_Work item:_ The copy should hold exactly the lines below from the one that contains "To access web" through the one that contains "金鸡菊已繁盛鲜艳,花开如阳光般灿烂。" and nothing else, so no pictures.

_Collection entries:_
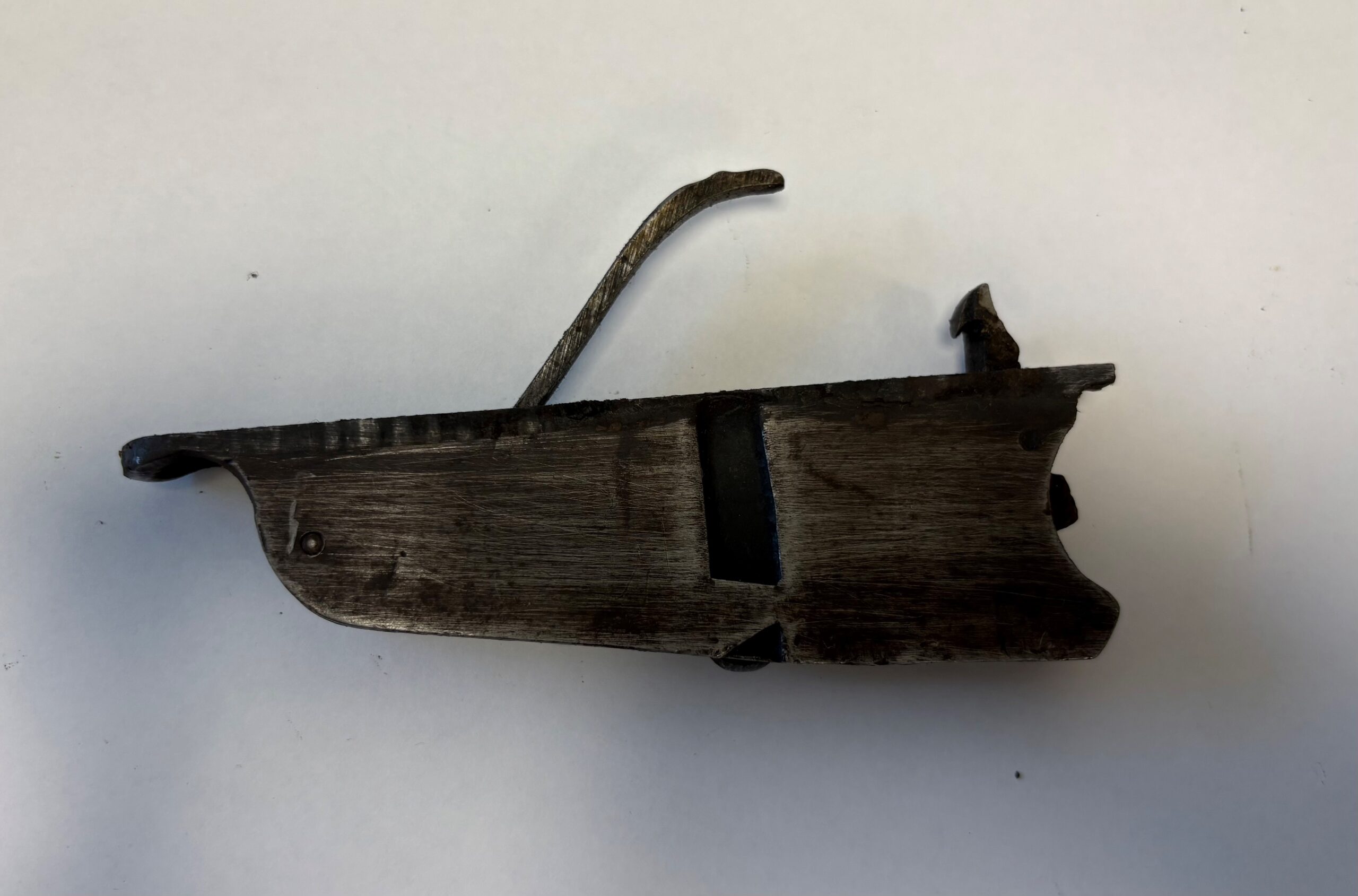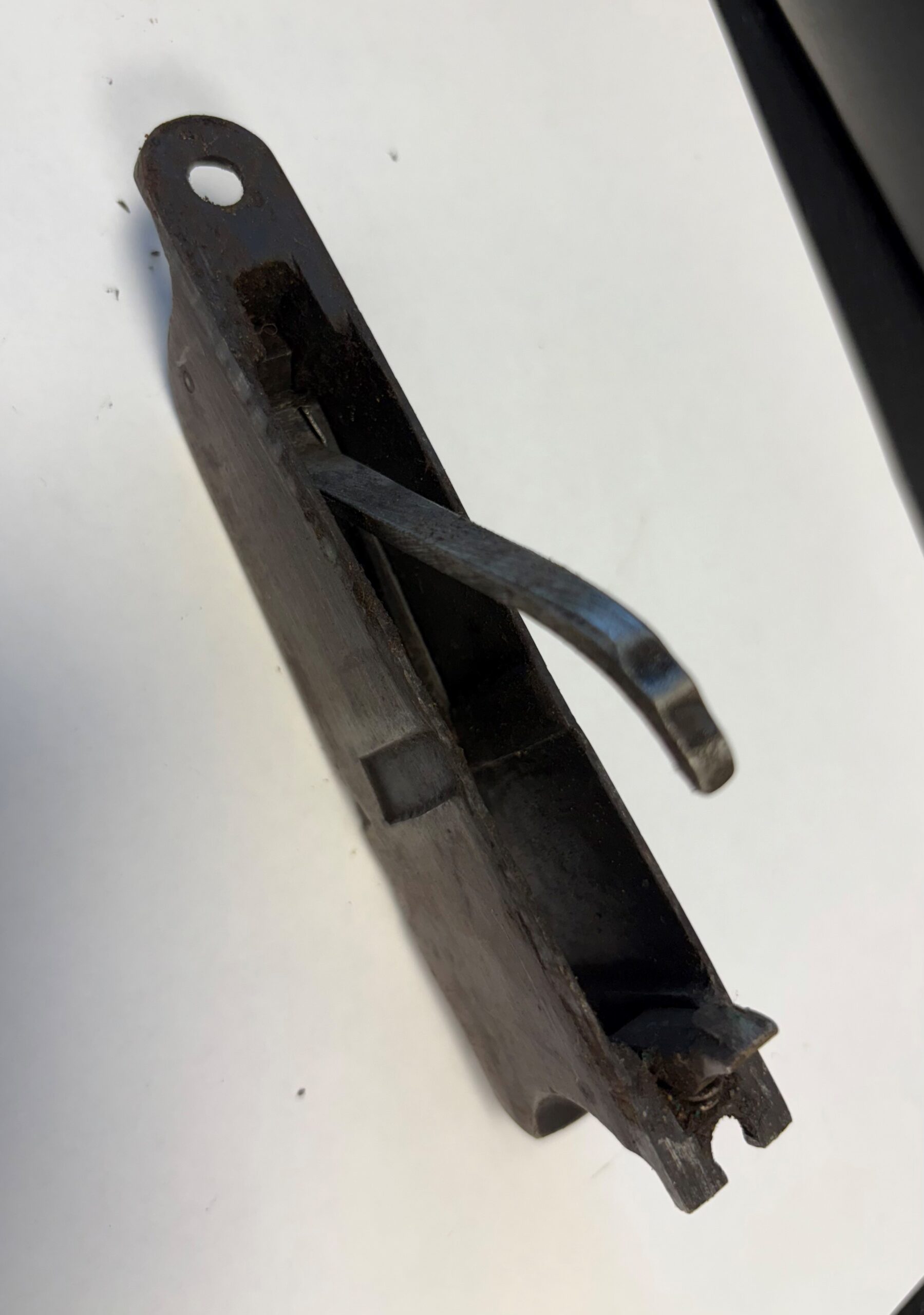 Original magazine box with follower for the Italian Vetterli 1870/87/15 rifle (6.5mm Carcano conversion). This assembly houses and guides the cartridges, feeding them into the chamber during cycling. Shows typical wear due to its age. Solid overall condition—ideal for restoration projects or replacing missing/damaged parts. Sold as-is—please ensure compatibility before purchase.
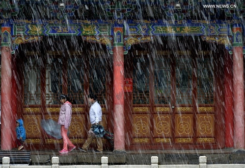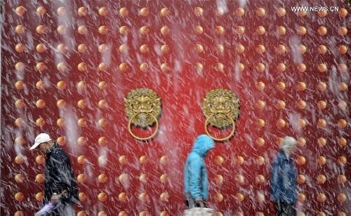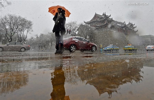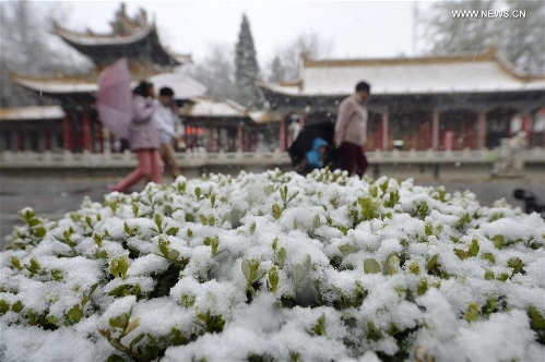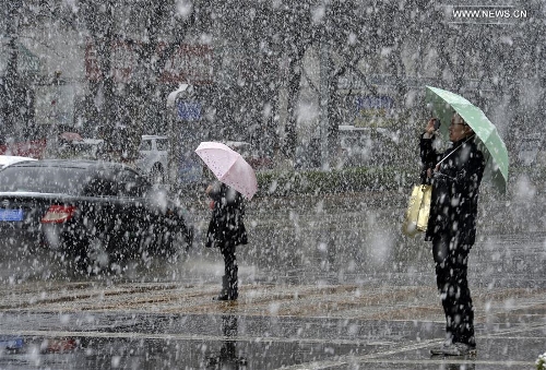Pedestrians walk in snow in Yinchuan, capital of northwest China's Ningxia Hui Autonomous Region, April 2, 2016. Snowfall hit the city on Saturday, causing inconvenience for local residents. Photo: Xinhua
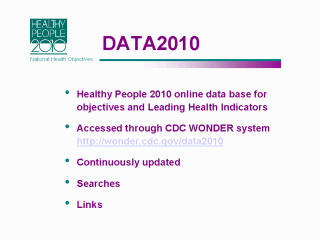 To access web page for DATA2010 Click "http://wonder.cdc.gov/data2010" on the slide. At the CDC Wonder login screen, enter your Wonder user ID or select Anonymous User |
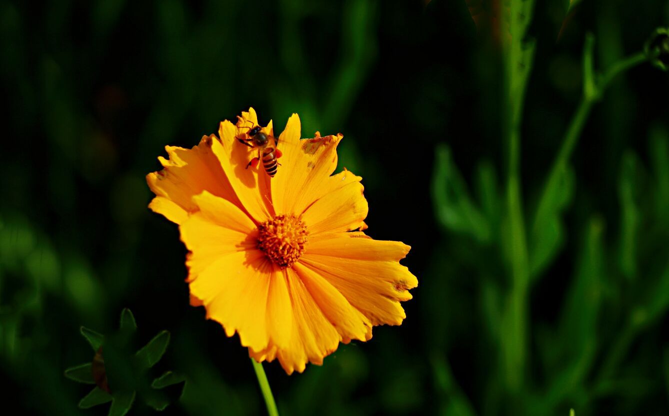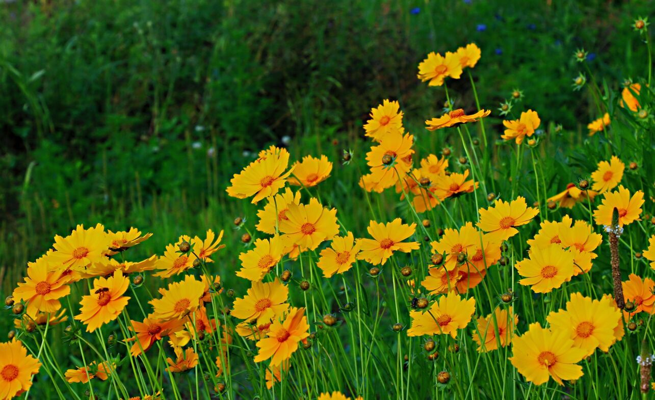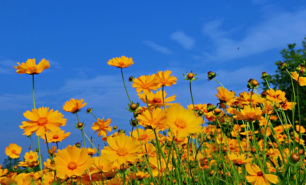 金鸡菊已繁盛鲜艳,花开如阳光般灿烂。
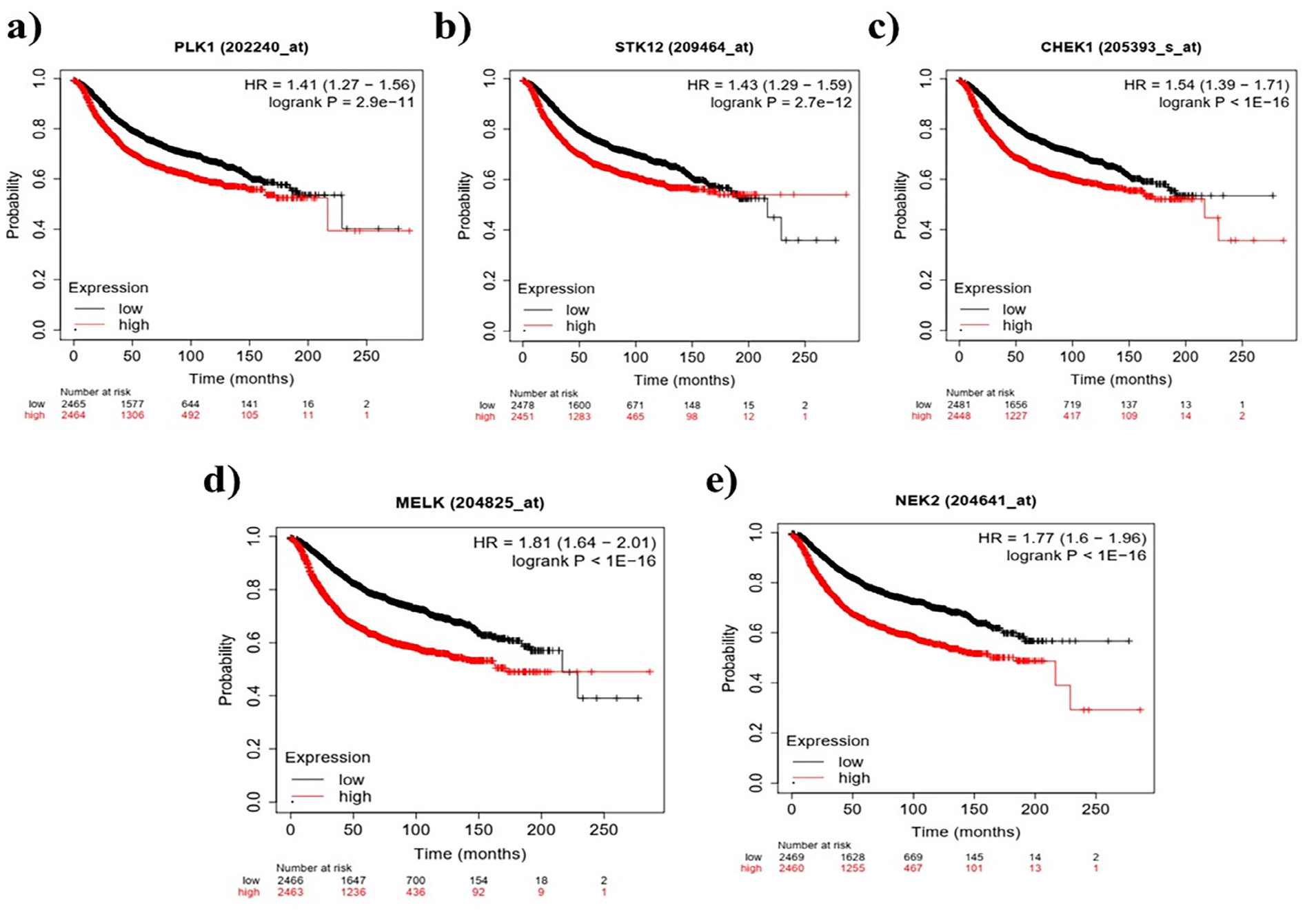 Figure 10. The prognostic values of the nine core genes in BC are shown. (a) PLK1; (b) AURKB (STK12); (c) CHEK1; (d) MELK; (e) NEK2. This figure depicts Kaplan-Meier survival analyses for five genes associated with BC: PLK1, STK12, CHEK1, MELK, and NEK2. It compares the survival probabilities of groups with high expression (represented by red curves) against those with low expression (indicated by black curves). The analysis reveals that elevated expression levels of all five genes correlate significantly with reduced survival rates, as evidenced by hazard ratios (HRs) ranging from 1.41 to 1.77 and log-rank P values below 0.001.

_Answer to this problem:_
 To access web page for DATA2010 Click "http://wonder.cdc.gov/data2010" on the slide. At the CDC Wonder login screen, enter your Wonder user ID or select Anonymous User |
 金鸡菊已繁盛鲜艳,花开如阳光般灿烂。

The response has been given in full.